# PROBLEM STATEMENT
As soon as the line containing "Познакомившись в 2012" appears in the material below, start returning lines exactly, and end with the line containing "Пивная Снага - маленькая".

# RECORDS TO USE
☆ ☆ ☆ ☆ ☆ ☆ ☆

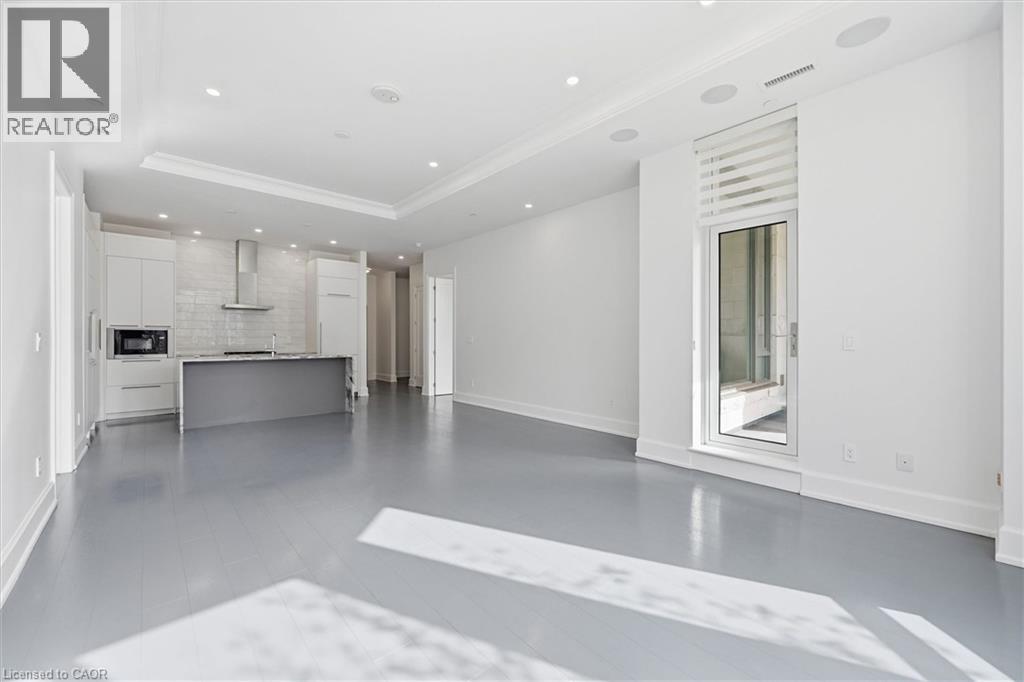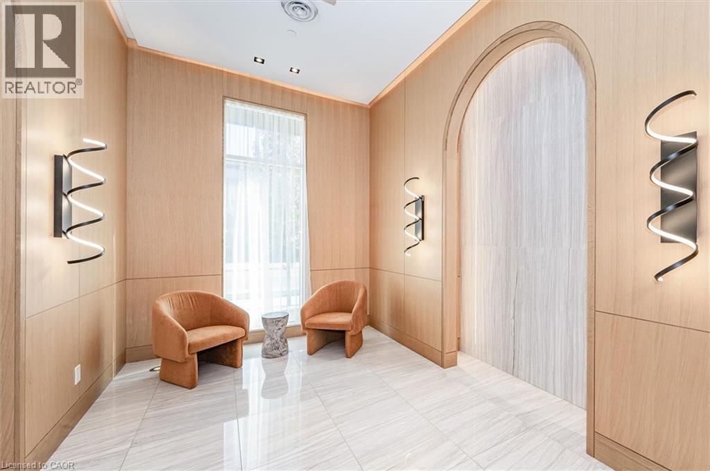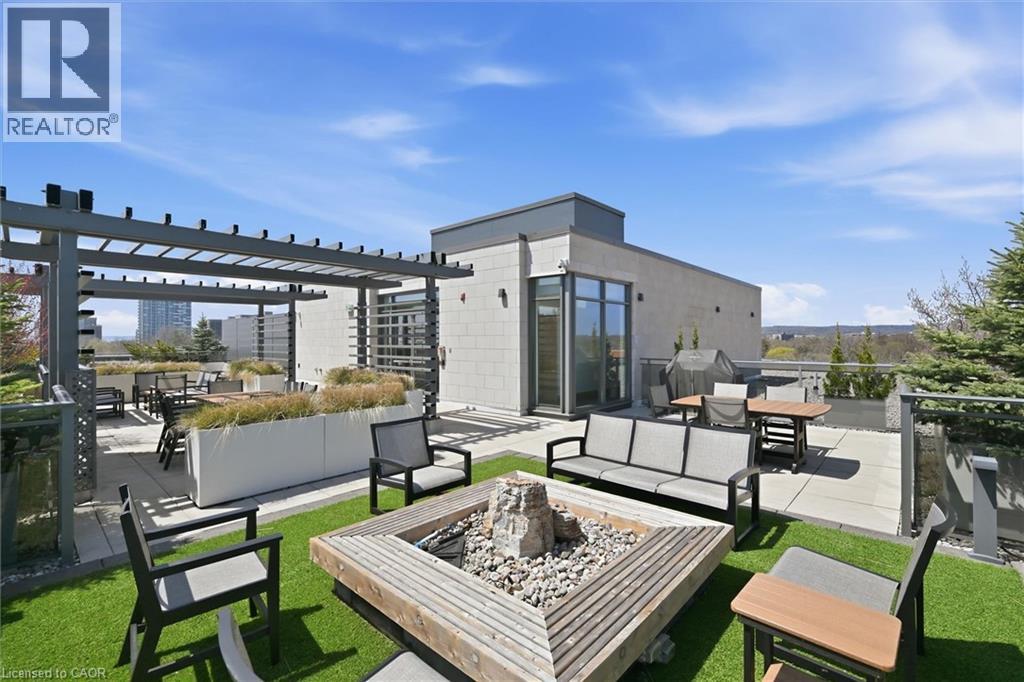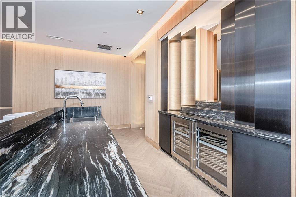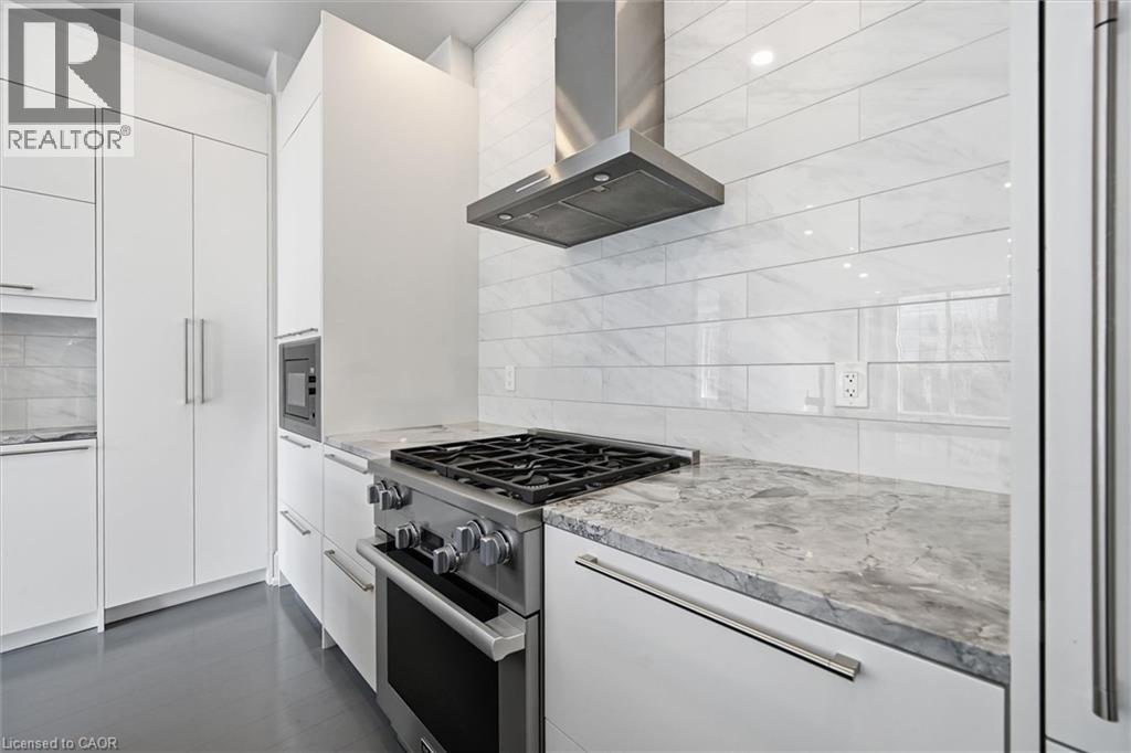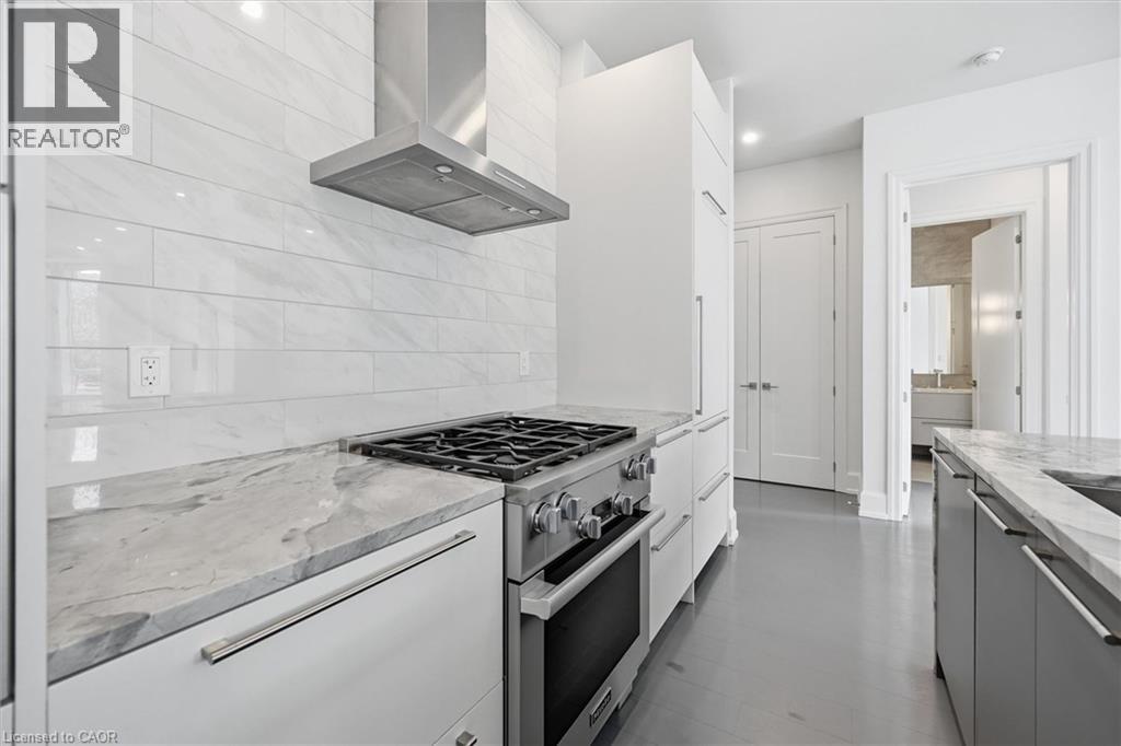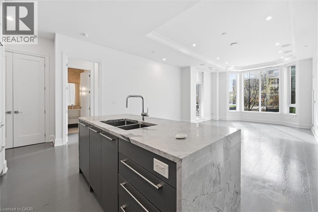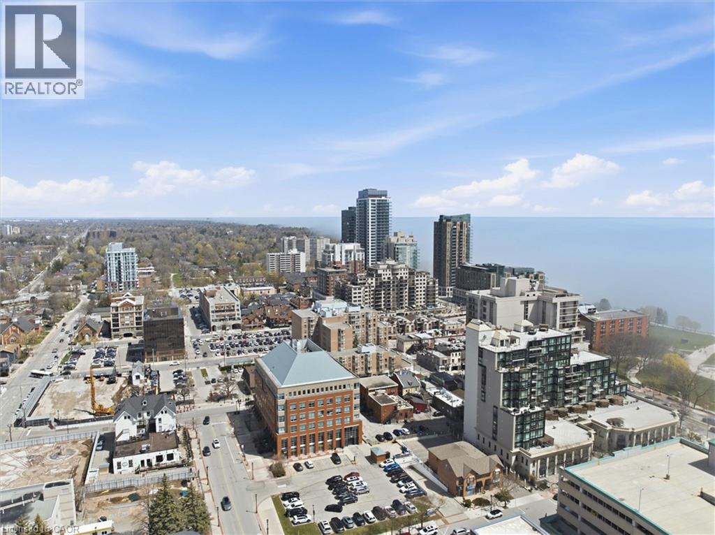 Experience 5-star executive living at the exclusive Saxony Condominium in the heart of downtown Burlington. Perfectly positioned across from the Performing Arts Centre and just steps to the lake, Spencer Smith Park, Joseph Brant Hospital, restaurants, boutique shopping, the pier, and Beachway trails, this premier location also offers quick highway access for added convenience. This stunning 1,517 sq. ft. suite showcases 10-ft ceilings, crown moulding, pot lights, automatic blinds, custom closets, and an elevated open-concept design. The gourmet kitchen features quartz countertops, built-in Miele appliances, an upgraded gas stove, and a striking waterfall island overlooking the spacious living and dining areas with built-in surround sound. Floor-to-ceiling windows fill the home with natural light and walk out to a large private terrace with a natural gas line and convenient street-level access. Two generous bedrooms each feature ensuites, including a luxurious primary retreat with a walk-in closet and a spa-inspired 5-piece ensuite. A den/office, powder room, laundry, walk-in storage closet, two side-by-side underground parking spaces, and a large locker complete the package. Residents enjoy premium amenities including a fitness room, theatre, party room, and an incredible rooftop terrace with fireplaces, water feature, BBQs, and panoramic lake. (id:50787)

☆ ☆ ☆ ☆ ☆ ☆ ☆

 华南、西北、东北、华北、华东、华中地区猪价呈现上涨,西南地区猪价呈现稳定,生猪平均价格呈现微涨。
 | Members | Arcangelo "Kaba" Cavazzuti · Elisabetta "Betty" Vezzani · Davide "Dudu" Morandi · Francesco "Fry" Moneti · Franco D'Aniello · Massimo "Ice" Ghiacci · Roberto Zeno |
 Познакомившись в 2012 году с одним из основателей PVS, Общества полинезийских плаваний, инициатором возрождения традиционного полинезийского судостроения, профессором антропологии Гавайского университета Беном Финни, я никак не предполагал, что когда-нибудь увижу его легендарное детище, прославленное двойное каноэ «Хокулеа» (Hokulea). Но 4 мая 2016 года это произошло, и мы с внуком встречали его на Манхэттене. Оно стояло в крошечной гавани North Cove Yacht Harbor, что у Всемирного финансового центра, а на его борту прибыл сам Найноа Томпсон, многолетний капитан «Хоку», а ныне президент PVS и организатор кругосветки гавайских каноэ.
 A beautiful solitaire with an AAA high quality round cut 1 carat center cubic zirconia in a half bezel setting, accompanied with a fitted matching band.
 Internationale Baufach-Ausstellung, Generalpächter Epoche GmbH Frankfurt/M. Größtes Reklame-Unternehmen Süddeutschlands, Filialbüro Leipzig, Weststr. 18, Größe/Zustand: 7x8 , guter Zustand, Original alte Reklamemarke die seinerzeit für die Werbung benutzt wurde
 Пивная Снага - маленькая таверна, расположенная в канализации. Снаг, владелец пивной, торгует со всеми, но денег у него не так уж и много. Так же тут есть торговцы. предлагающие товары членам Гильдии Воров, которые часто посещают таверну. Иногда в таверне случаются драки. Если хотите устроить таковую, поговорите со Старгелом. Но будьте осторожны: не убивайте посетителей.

☆ ☆ ☆ ☆ ☆ ☆ ☆

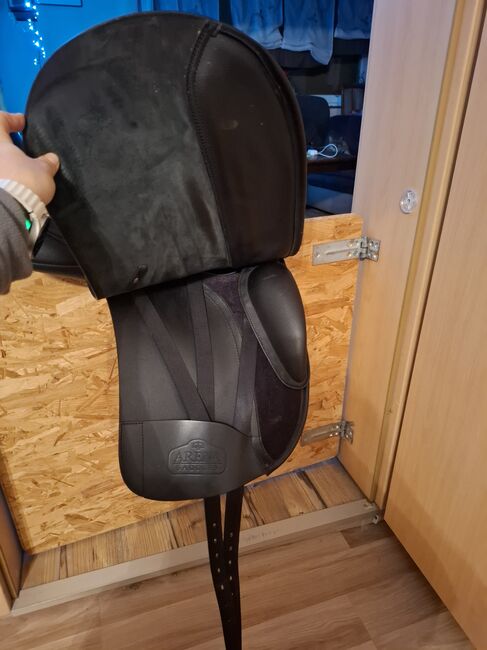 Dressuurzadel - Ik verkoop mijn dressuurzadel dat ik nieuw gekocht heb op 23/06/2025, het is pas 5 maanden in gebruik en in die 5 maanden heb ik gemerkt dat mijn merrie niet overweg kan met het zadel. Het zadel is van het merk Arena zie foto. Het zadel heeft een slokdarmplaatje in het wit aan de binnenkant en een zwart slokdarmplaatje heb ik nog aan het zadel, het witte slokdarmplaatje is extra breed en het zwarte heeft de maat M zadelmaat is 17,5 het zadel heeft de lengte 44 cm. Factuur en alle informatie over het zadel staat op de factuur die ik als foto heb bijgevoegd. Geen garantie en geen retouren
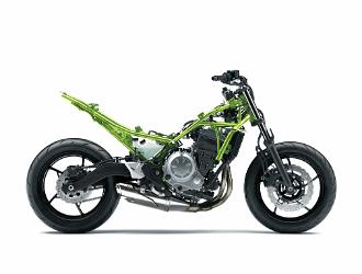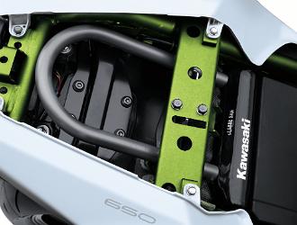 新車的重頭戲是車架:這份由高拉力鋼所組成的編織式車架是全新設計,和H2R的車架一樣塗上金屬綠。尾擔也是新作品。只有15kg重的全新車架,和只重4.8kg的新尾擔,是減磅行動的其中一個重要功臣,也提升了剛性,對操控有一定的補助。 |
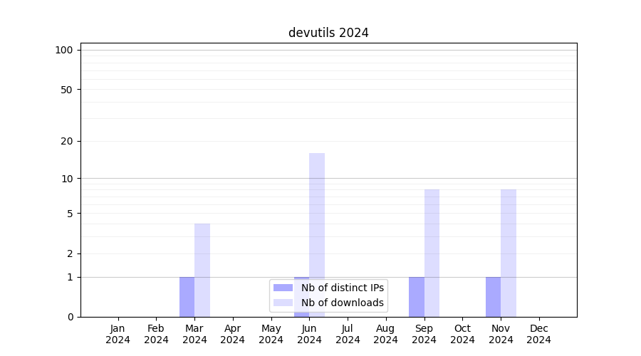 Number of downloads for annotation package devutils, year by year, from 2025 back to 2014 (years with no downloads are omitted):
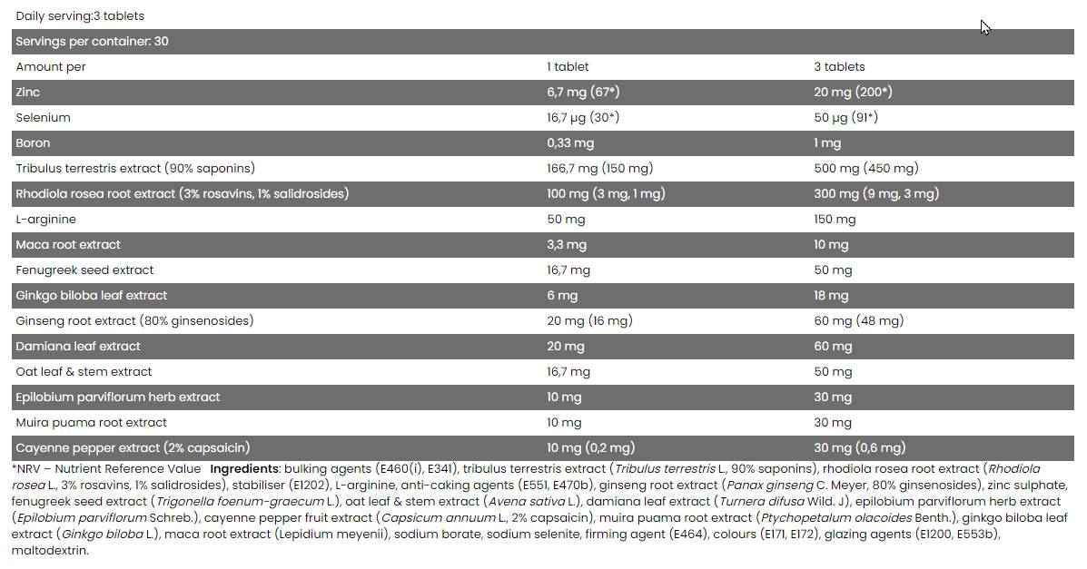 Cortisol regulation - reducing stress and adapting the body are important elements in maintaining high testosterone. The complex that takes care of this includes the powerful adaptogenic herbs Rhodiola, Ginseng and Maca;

☆ ☆ ☆ ☆ ☆ ☆ ☆

# EXPECTED ANSWER
 Познакомившись в 2012 году с одним из основателей PVS, Общества полинезийских плаваний, инициатором возрождения традиционного полинезийского судостроения, профессором антропологии Гавайского университета Беном Финни, я никак не предполагал, что когда-нибудь увижу его легендарное детище, прославленное двойное каноэ «Хокулеа» (Hokulea). Но 4 мая 2016 года это произошло, и мы с внуком встречали его на Манхэттене. Оно стояло в крошечной гавани North Cove Yacht Harbor, что у Всемирного финансового центра, а на его борту прибыл сам Найноа Томпсон, многолетний капитан «Хоку», а ныне президент PVS и организатор кругосветки гавайских каноэ.
 A beautiful solitaire with an AAA high quality round cut 1 carat center cubic zirconia in a half bezel setting, accompanied with a fitted matching band.
 Internationale Baufach-Ausstellung, Generalpächter Epoche GmbH Frankfurt/M. Größtes Reklame-Unternehmen Süddeutschlands, Filialbüro Leipzig, Weststr. 18, Größe/Zustand: 7x8 , guter Zustand, Original alte Reklamemarke die seinerzeit für die Werbung benutzt wurde
 Пивная Снага - маленькая таверна, расположенная в канализации. Снаг, владелец пивной, торгует со всеми, но денег у него не так уж и много. Так же тут есть торговцы. предлагающие товары членам Гильдии Воров, которые часто посещают таверну. Иногда в таверне случаются драки. Если хотите устроить таковую, поговорите со Старгелом. Но будьте осторожны: не убивайте посетителей.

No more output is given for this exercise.